I want to make an application using C # to check a file whether it is converted via OCR or typed from the keyboard

+4
source share
3 answers

This task can be difficult to solve as a whole and can be easily solved for specific cases.

For example, if your OCR software inserts a bunch of non-ASCII characters, and all of your documents contain only letters from A to Z, lowercase letters az, numbers and punctuation, then your work is pretty simple.

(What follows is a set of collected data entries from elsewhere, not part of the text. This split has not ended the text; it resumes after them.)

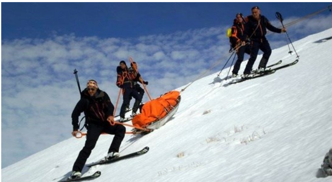
Slika 15. Spašavanje nastratadale osobe u planinskom području, (GSS Republike Crne Gore, 2019)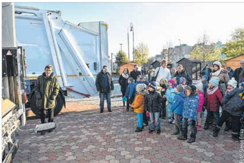
A szemléletformálás jegyében az új kukásautókat a gyerekek körében vette át a Depónia

A négy új kukásautó beszerzéséről a városi közgyűlés tavaly döntött. A százhetvenmillió forintos beruházást a város saját erőből finanszírozta. A polgármester szerint nagy szükség volt a fejlesztésre, hiszen Székesfehérvár egyik legfontosabb közszolgáltatása a hulladékszállítás. Cser-Palkovics András lapunknak elmondta: a gondos gazdálkodásnak köszönhetően sikerült olyan költségeket lefaragni, melyek lehetővé teszik a rezsicsökkentést és az esz-közfejlesztést. A Depónia Kft. összesen harminckét kukásautóval dolgozik a szemétszállításban, a járművek átlagéletkora tizenhárom év.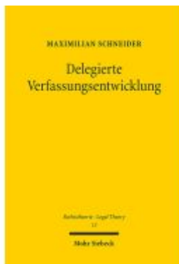
Delegierte Verfassungsentwicklung Ladenpreis: 96,70EUR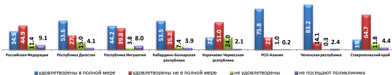
Оценка домохозяйствами работы поликлиники, к которой прикреплены члены домохозяйства (в процентах)

Также оценивались трудности с вызовом скорой медицинской помощи . По результатам опроса 58% жителей республики не вызывали скорую помощь, 41% - не имели трудностей с вызовом скорой медицинской помощи и только 0,8% при вызове «скорой» сталкивались с затруднениями различного характера.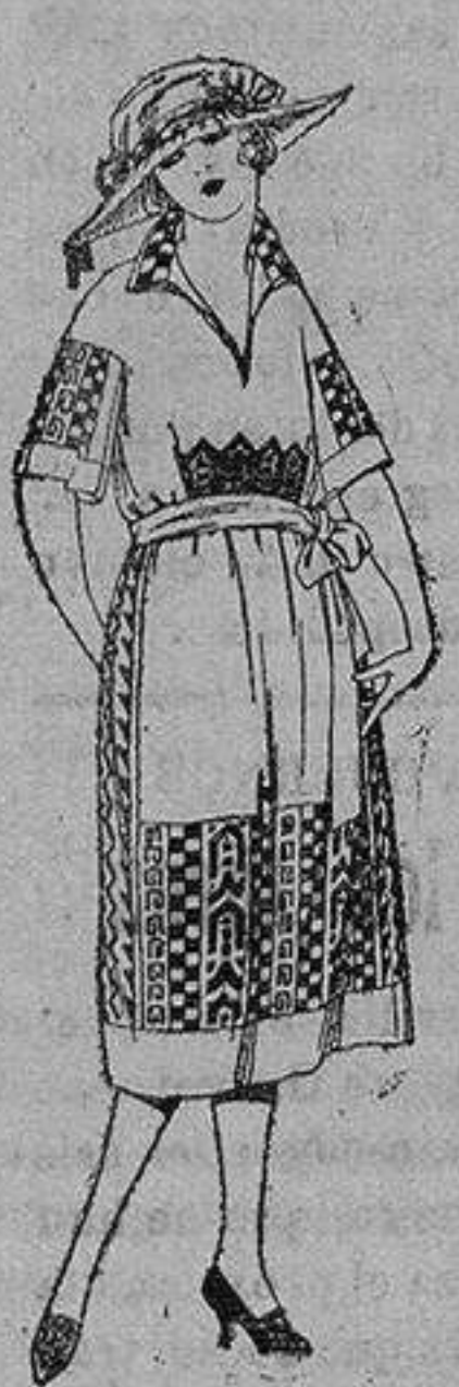
Vestidos crespón blanco y color adornos bordados. de ptas. 70 a 80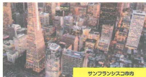
サンフランシスコ市内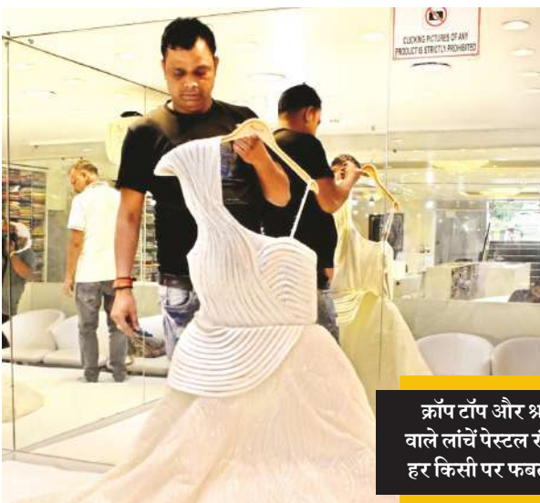
क्रॉप टॉप और श्रग वाले लॉन्ग पेस्टल रंग हर किसी पर फबता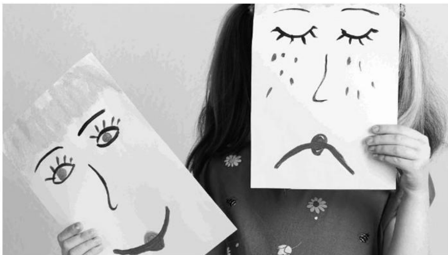
Wegschauen – Hinschauen – Reinschauen.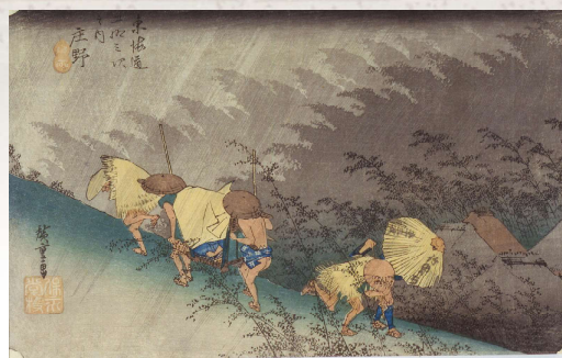
庄野宿「白雨」(保永堂版)

To solve this problem, you can use for-loops on characters in the document and use if statements such as if(char.IsLetter(currentChar)) and if(char.IsDigit(currentChar)) , or use char.GetUnicodeCategory in the switch statement .

If there are certain words / letters, this always becomes wrong, you can make the Dictionary<string, bool> object and fill it with words that, as you know, OCR is always wrong, and / or words that you know, a person will not get it wrong . Then collapse all the words in your document and see if you have a match in the dictionary, proving that it is a person or OCR.

If you use OCR software that does not tend to be easily detected, you will have to resort to artificial intelligence to solve it. I hope you do not have to resort to this because it is really difficult to program and requires a lot of work to properly configure and maintain. From your description and your comments, it seems that you can use an easier solution.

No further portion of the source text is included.